# Session 2: Embeddings and RAG Assignment

## Overview
This notebook implements a Retrieval Augmented Generation (RAG) system using Python, OpenAI embeddings, and vector similarity search.

## Tasks
1. **Imports and Utilities** - Set up required libraries and helper functions
2. **Documents** - Load and process text documents
3. **Embeddings and Vectors** - Generate embeddings and create vector database
4. **Prompts** - Create effective prompts for the RAG system
5. **Retrieval Augmented Generation** - Implement the complete RAG pipeline

## Activity #1: Augment RAG
Enhance the RAG system with additional features like PDF support, metadata, or different embedding models.
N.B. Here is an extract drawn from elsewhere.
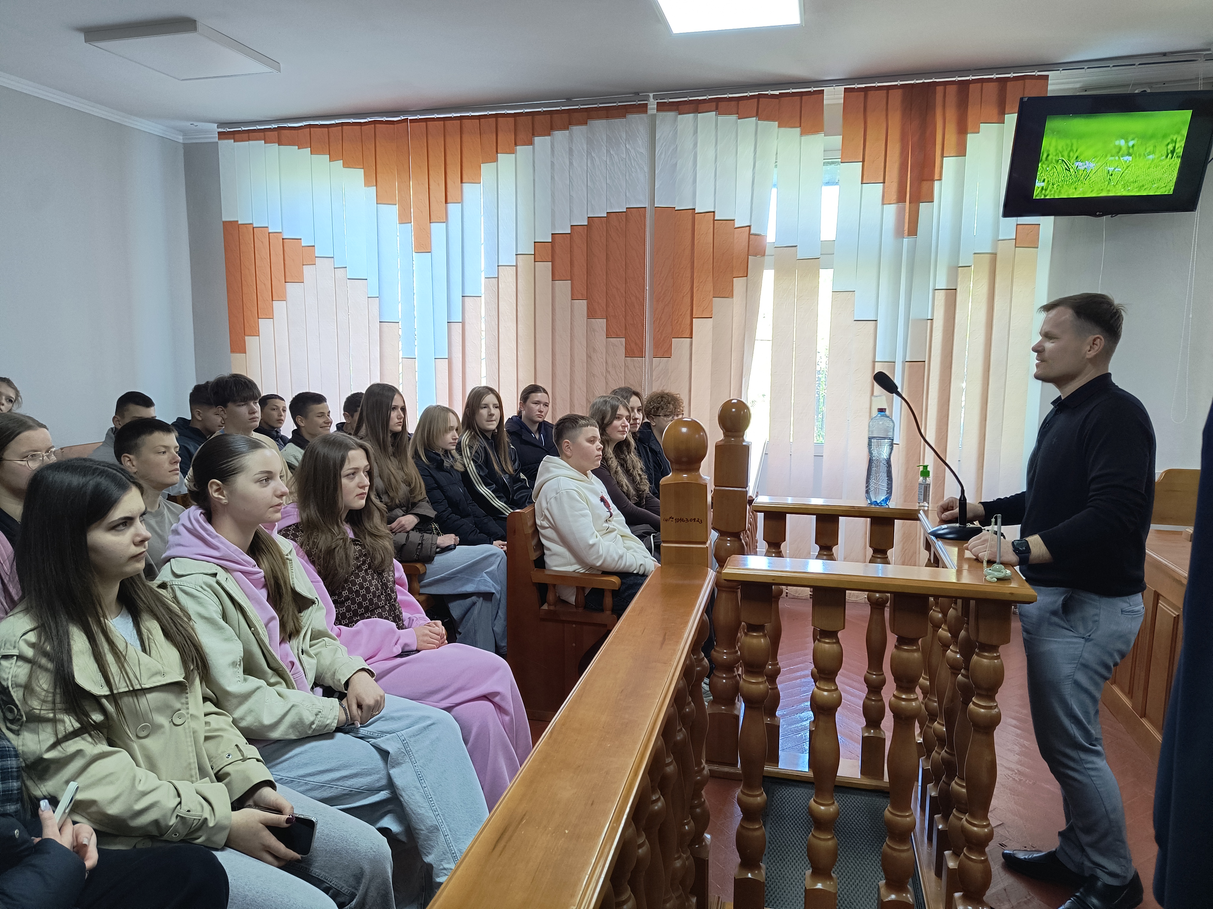 Також у доступній для дітей формі було роз’яснено порядок надання та отримання інформації, порядок звернення до суду, про що слід пам`ятати під час перебування в суді, як поводити себе під час слухання справи, які існують негативні наслідки порушення правил поведінки в суді. Учням було продемонстровано зал судових засідань, там вони змогли відчути себе суддями, зайнявши почесні місця, сторонами процесу, секретарями та вільними слухачами.

## Task 1: Imports and Utilities


In [None]:
# Core libraries
import os
import json
import asyncio
from typing import List, Dict, Any, Optional
from dataclasses import dataclass
import numpy as np
from pathlib import Path

# OpenAI and embeddings
import openai
from openai import AsyncOpenAI

# Vector operations
from sklearn.metrics.pairwise import cosine_similarity
import pickle

# Document processing
import PyPDF2
import requests
from bs4 import BeautifulSoup

# Set up OpenAI client
client = AsyncOpenAI(api_key=os.getenv('OPENAI_API_KEY'))

print("✅ Imports completed successfully!")


### Question 1: What is the purpose of using async/await in the OpenAI client setup?

**Answer:** Async/await allows for non-blocking operations when making API calls to OpenAI. This means that when generating embeddings for multiple documents, the code can process multiple requests concurrently rather than waiting for each one to complete sequentially. This significantly improves performance and reduces total processing time, especially when dealing with large document collections.


## Task 2: Documents


In [None]:
@dataclass
class Document:
    """Represents a document with content and metadata."""
    content: str
    source: str
    page_number: Optional[int] = None
    file_type: str = "text"
    
    def __post_init__(self):
        # Clean and normalize content
        self.content = self.content.strip()
        if len(self.content) < 10:
            raise ValueError("Document content too short")

def load_text_file(file_path: str) -> Document:
    """Load a text file and return a Document object."""
    try:
        with open(file_path, 'r', encoding='utf-8') as f:
            content = f.read()
        return Document(
            content=content,
            source=file_path,
            file_type="text"
        )
    except Exception as e:
        print(f"Error loading {file_path}: {e}")
        return None

def load_pdf_file(file_path: str) -> List[Document]:
    """Load a PDF file and return a list of Document objects (one per page)."""
    documents = []
    try:
        with open(file_path, 'rb') as f:
            pdf_reader = PyPDF2.PdfReader(f)
            for page_num, page in enumerate(pdf_reader.pages, 1):
                content = page.extract_text().strip()
                if content and len(content) > 10:
                    documents.append(Document(
                        content=content,
                        source=file_path,
                        page_number=page_num,
                        file_type="pdf"
                    ))
    except Exception as e:
        print(f"Error loading PDF {file_path}: {e}")
    return documents

print("✅ Document classes and loading functions created!")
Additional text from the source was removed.